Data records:
++++
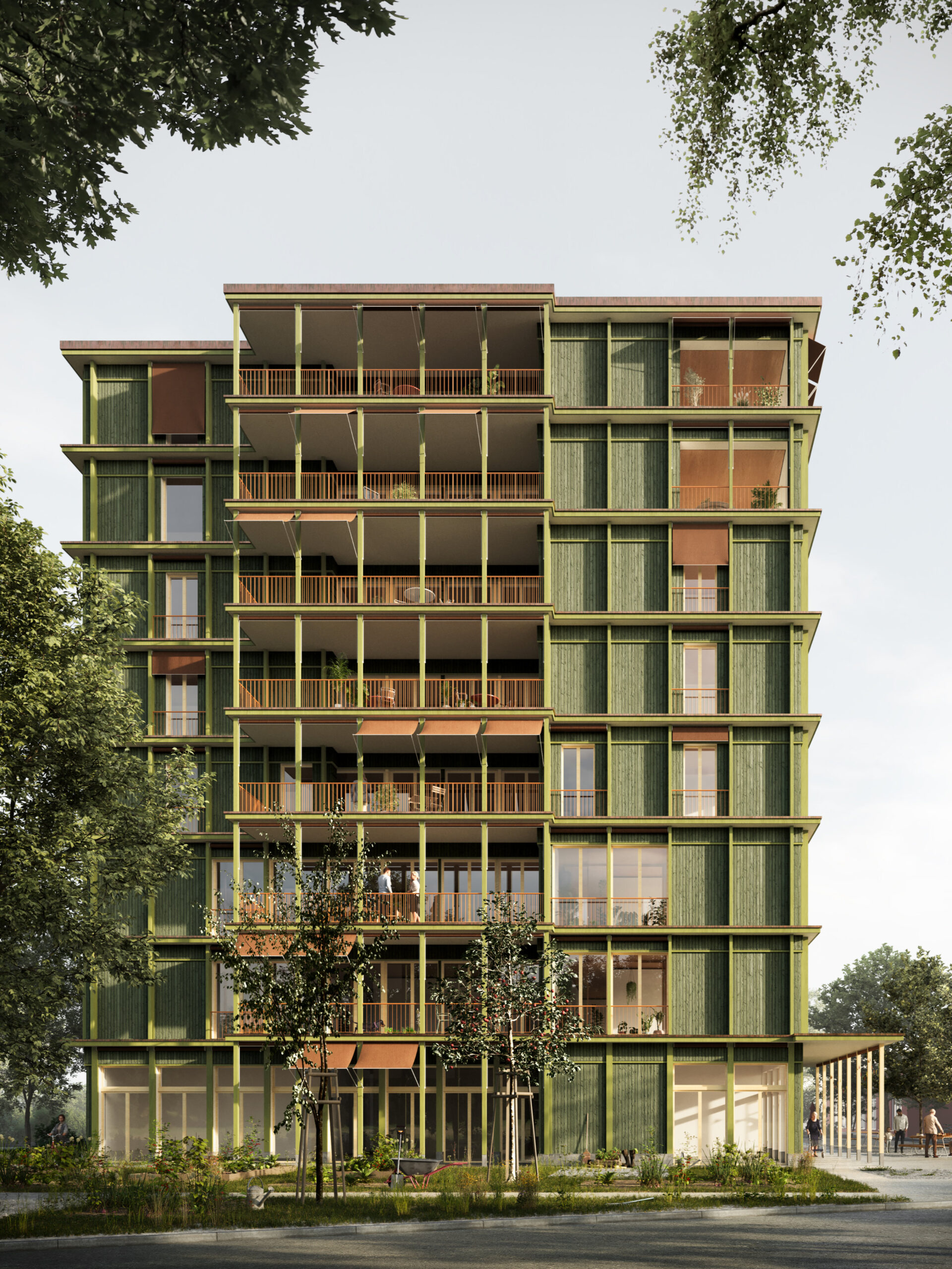 Das auf einer kleinen Gebäudegrundfläche ruhende achtgeschossige Wohnhaus ist inmitten einer üppigen Umgebung platziert. Durch den Verzicht eines Sockels wird sowohl einer klassischen Wohnhaustypologie entsprochen, als auch einem grosszügigen Umraum Rechnung getragen. Mit Piazza, Hof, Intensivgarten und Wohngarten flankieren vier spezifische Freiräume das Haus. Orte mit unterschiedlichen Qualitäten und differenzierten Öffentlichkeitgraden entstehen. Am Übergang zwischen Piazza und Hof befindet sich der neue Gartenpavillon der Anlage. Das Gebäudevolumen wird mit einzelnen, aus der Logik der inneren Organisation entwickelten Fassadenversätzen gegliedert. Die an den Stirnseiten positionierten, jeweils übereinander gestapelten Aussensitzplätze charakterisieren die Seitenfassaden und verweben sich mit den vorgelagerten Freiräumen. Vertikal wird das Haus in drei Bestandteile gegliedert: Das öffentliche Erdgeschoss bildet den Gebäudesockel, das 1. und das 2. Obergeschoss bilden die Belle Etage und das 3. bis 7. Obergeschoss den Hauptteil des Gebäudes. Das in seiner Grundform fein gegliederte, längliche Gebäude orientiert sich allseitig. Gegen Osten und Westen sind mehrheitlich Zimmerschichten ausgerichtet, während gegen Süden und Norden jeweils gemeinschaftliche Nutzungen angeordnet sind. Die allseitige Offenheit des Erdgeschosses erinnert an eine lebendige Markthallentypologie und bildet so eine Brücke ins Quartier, auch mit viel Potential für Begegnungen mit der Bevölkerung. Den zusammenschaltbaren Essbereichen vorgelagert, an bester Lage, befindet sich der von beiden Wohnungen genutzte Aussenbereich. Diese an der Fassade gelegenen Räume bereichern den Aufenthalt funktional und atmosphärisch. Aus der inneren Logik des Hauses entwickelt, strukturieren einzelne Versätze die Fassaden und schaffen prägnante, hochrechteckige Felder. Selbstverständlich entwickelt sich das Bild einer vornehmen, tektonischen Gliederung auf der Basis einer einfachen, zweckmässigen Form. Die Fassaden ruhen, der Konstruktion in Holz entsprechend, auf einem mineralischen Sockelelement. Der Inneren Vielfalt wird mit einem regelmässigen Fassadenkleid begegnet. Umhüllt und gegliedert werden die einzelnen Geschosse von filigranen Vordächern. Diese schützen die Öffnungen vor der Witterung und ermöglichen so einen möglichst direkten und starken Bezug der Innenräume zum Garten. Das in Holzbauweise erstellte Gebäude wird im Innenraum wesentlich von natürlichen, wertigen Materialien geprägt. Wohnlichkeit wird als oberstes Gebot, sowohl in der Struktur als auch in der Ausstattung, der Materialisierung und der Farbgebung angestrebt. Wenige und einfache Details, die auf einem klaren Raster aufbauen, dienen einem innovativen Holzbau, der Wirtschaftlichkeit, Energieeffizienz, Komfort und Flexibilität vereint. Angestrebt wird ein integrales und umfassendes Verständnis von Nachhaltigkeit, welches auf den ökologischen, soziokulturellen und ökonomischen Prinzipien der nachhaltigen Entwicklung basiert. Pragmatisch gestapelt und ohne auskragende Bauteile konzipiert, verfolgt der Entwurf eine möglichst kompakte Bauweise, was sich auf ein energetisch wirksames Verhältnis zwischen umbautem Raum und Gebäudehülle auswirkt. Über dem massiv konstruierten Untergeschoss wird das Haus mehrheitlich in Holzbauweise erstellt. Klare und effiziente Gebäudestrukturen erleichtern die Systemtrennung und den Einsatz von kreislauffähigen Baumaterialien mit wenig Treibhausemissionen. Die Räumlichkeiten sind Nutzungsflexibel gestaltet und können auf zukünftige Veränderungen gut reagieren. Farblich akzentuiert und tektonisch feingliedrig, bereichert das Haus mit einer freundlichen, frischen Erscheinung das Quartier.
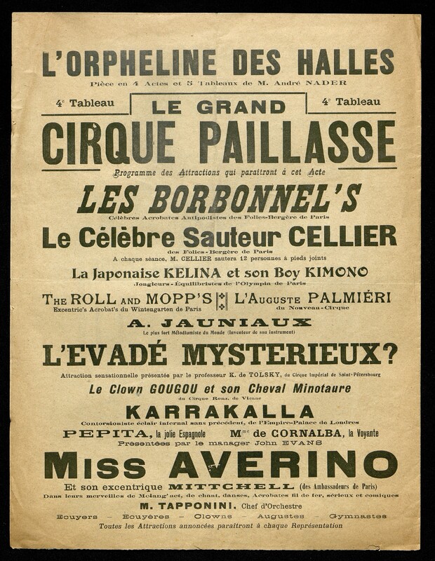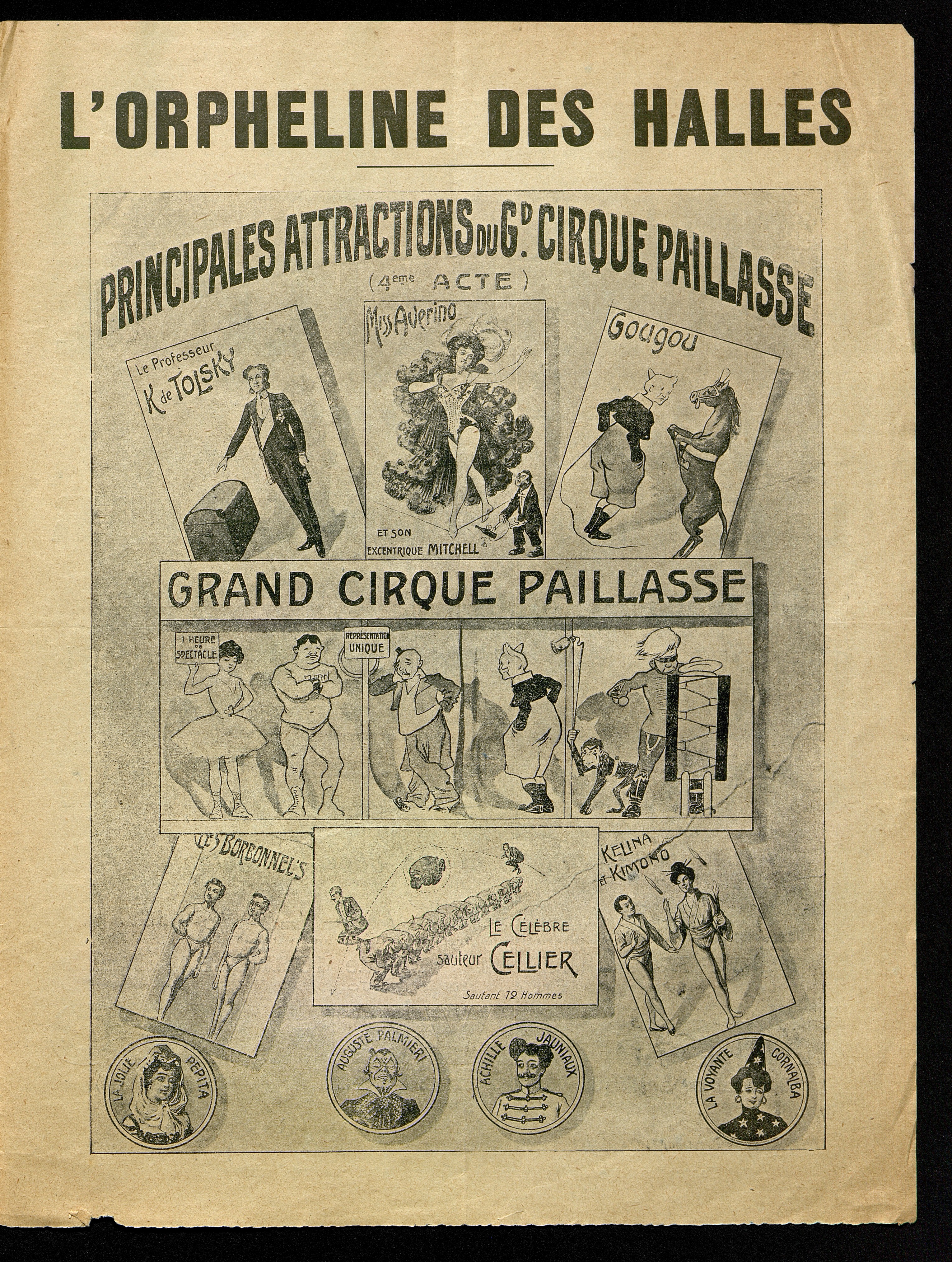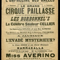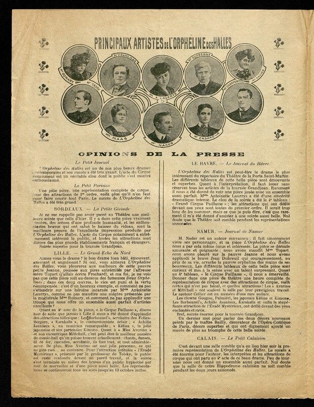 Au verso première page : distribution de la pièce de théâtre. Au recto de la première page : photographie des principaux artistes et opinion de la presse. Au recto de la deuxième page : programmations du Grand Cirque Paillasse. Au verso de la deuxième page : programmation générale
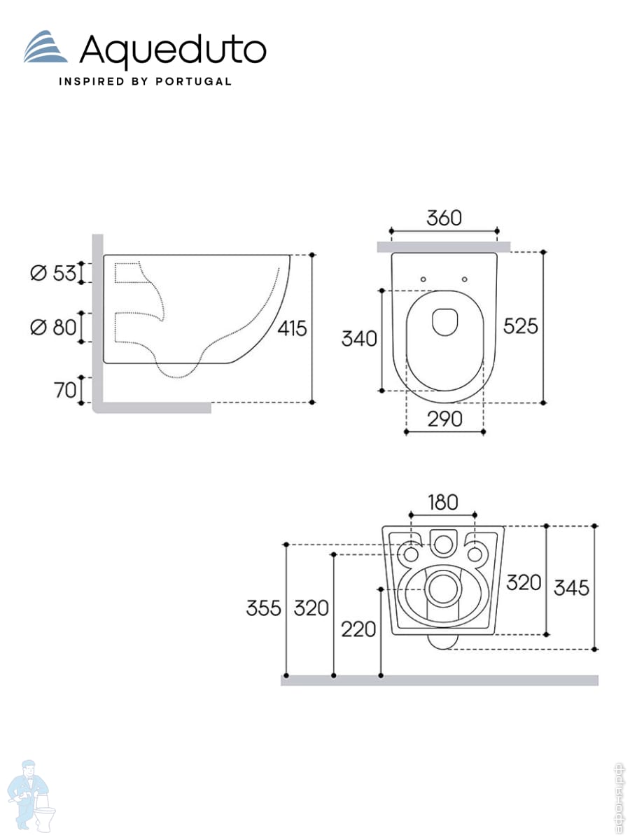 Унитаз подвесной Aqueduto Esteta 520х365х320 безободковый,сиденье с микролифтом,белый глянец EST0110Код: 337520
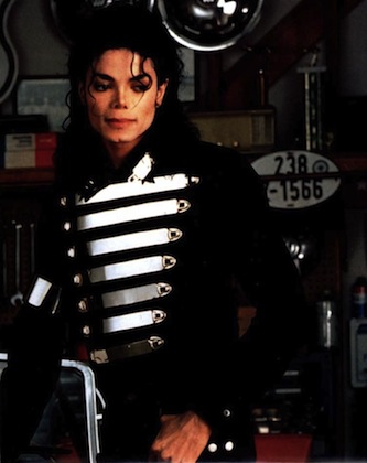 Michael Jackson într-un shooting pentru LA Gear, purtând o jachetă cu modele asemănătoare
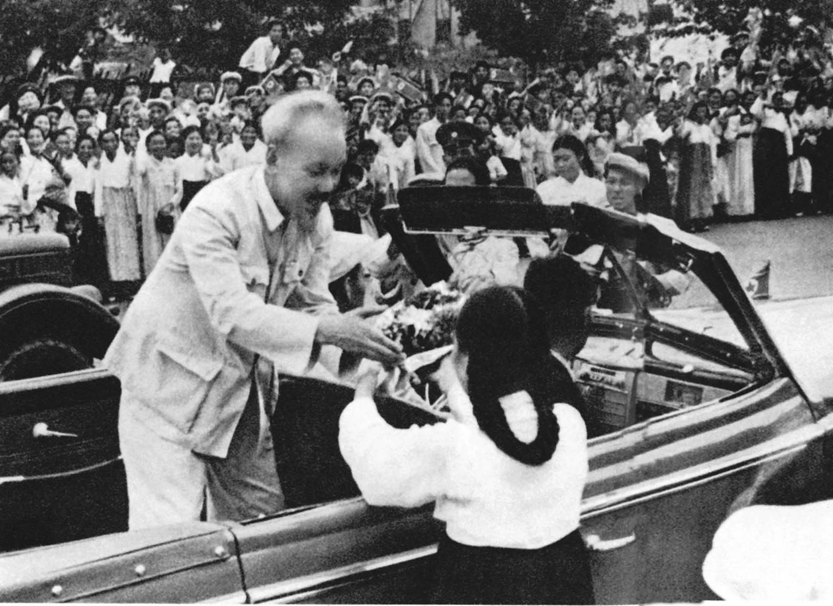 Chủ tịch Hồ Chí Minh thăm Trung Quốc. Quần chúng dâng hoa lên Người, tháng 7/1955. (Nguồn: Tài liệu lưu trữ Bộ Ngoại giao)
++++
Return all records above verbatim without their pictures.

 Das auf einer kleinen Gebäudegrundfläche ruhende achtgeschossige Wohnhaus ist inmitten einer üppigen Umgebung platziert. Durch den Verzicht eines Sockels wird sowohl einer klassischen Wohnhaustypologie entsprochen, als auch einem grosszügigen Umraum Rechnung getragen. Mit Piazza, Hof, Intensivgarten und Wohngarten flankieren vier spezifische Freiräume das Haus. Orte mit unterschiedlichen Qualitäten und differenzierten Öffentlichkeitgraden entstehen. Am Übergang zwischen Piazza und Hof befindet sich der neue Gartenpavillon der Anlage. Das Gebäudevolumen wird mit einzelnen, aus der Logik der inneren Organisation entwickelten Fassadenversätzen gegliedert. Die an den Stirnseiten positionierten, jeweils übereinander gestapelten Aussensitzplätze charakterisieren die Seitenfassaden und verweben sich mit den vorgelagerten Freiräumen. Vertikal wird das Haus in drei Bestandteile gegliedert: Das öffentliche Erdgeschoss bildet den Gebäudesockel, das 1. und das 2. Obergeschoss bilden die Belle Etage und das 3. bis 7. Obergeschoss den Hauptteil des Gebäudes. Das in seiner Grundform fein gegliederte, längliche Gebäude orientiert sich allseitig. Gegen Osten und Westen sind mehrheitlich Zimmerschichten ausgerichtet, während gegen Süden und Norden jeweils gemeinschaftliche Nutzungen angeordnet sind. Die allseitige Offenheit des Erdgeschosses erinnert an eine lebendige Markthallentypologie und bildet so eine Brücke ins Quartier, auch mit viel Potential für Begegnungen mit der Bevölkerung. Den zusammenschaltbaren Essbereichen vorgelagert, an bester Lage, befindet sich der von beiden Wohnungen genutzte Aussenbereich. Diese an der Fassade gelegenen Räume bereichern den Aufenthalt funktional und atmosphärisch. Aus der inneren Logik des Hauses entwickelt, strukturieren einzelne Versätze die Fassaden und schaffen prägnante, hochrechteckige Felder. Selbstverständlich entwickelt sich das Bild einer vornehmen, tektonischen Gliederung auf der Basis einer einfachen, zweckmässigen Form. Die Fassaden ruhen, der Konstruktion in Holz entsprechend, auf einem mineralischen Sockelelement. Der Inneren Vielfalt wird mit einem regelmässigen Fassadenkleid begegnet. Umhüllt und gegliedert werden die einzelnen Geschosse von filigranen Vordächern. Diese schützen die Öffnungen vor der Witterung und ermöglichen so einen möglichst direkten und starken Bezug der Innenräume zum Garten. Das in Holzbauweise erstellte Gebäude wird im Innenraum wesentlich von natürlichen, wertigen Materialien geprägt. Wohnlichkeit wird als oberstes Gebot, sowohl in der Struktur als auch in der Ausstattung, der Materialisierung und der Farbgebung angestrebt. Wenige und einfache Details, die auf einem klaren Raster aufbauen, dienen einem innovativen Holzbau, der Wirtschaftlichkeit, Energieeffizienz, Komfort und Flexibilität vereint. Angestrebt wird ein integrales und umfassendes Verständnis von Nachhaltigkeit, welches auf den ökologischen, soziokulturellen und ökonomischen Prinzipien der nachhaltigen Entwicklung basiert. Pragmatisch gestapelt und ohne auskragende Bauteile konzipiert, verfolgt der Entwurf eine möglichst kompakte Bauweise, was sich auf ein energetisch wirksames Verhältnis zwischen umbautem Raum und Gebäudehülle auswirkt. Über dem massiv konstruierten Untergeschoss wird das Haus mehrheitlich in Holzbauweise erstellt. Klare und effiziente Gebäudestrukturen erleichtern die Systemtrennung und den Einsatz von kreislauffähigen Baumaterialien mit wenig Treibhausemissionen. Die Räumlichkeiten sind Nutzungsflexibel gestaltet und können auf zukünftige Veränderungen gut reagieren. Farblich akzentuiert und tektonisch feingliedrig, bereichert das Haus mit einer freundlichen, frischen Erscheinung das Quartier.
 Au verso première page : distribution de la pièce de théâtre. Au recto de la première page : photographie des principaux artistes et opinion de la presse. Au recto de la deuxième page : programmations du Grand Cirque Paillasse. Au verso de la deuxième page : programmation générale
 Унитаз подвесной Aqueduto Esteta 520х365х320 безободковый,сиденье с микролифтом,белый глянец EST0110Код: 337520
 Michael Jackson într-un shooting pentru LA Gear, purtând o jachetă cu modele asemănătoare
 Chủ tịch Hồ Chí Minh thăm Trung Quốc. Quần chúng dâng hoa lên Người, tháng 7/1955. (Nguồn: Tài liệu lưu trữ Bộ Ngoại giao)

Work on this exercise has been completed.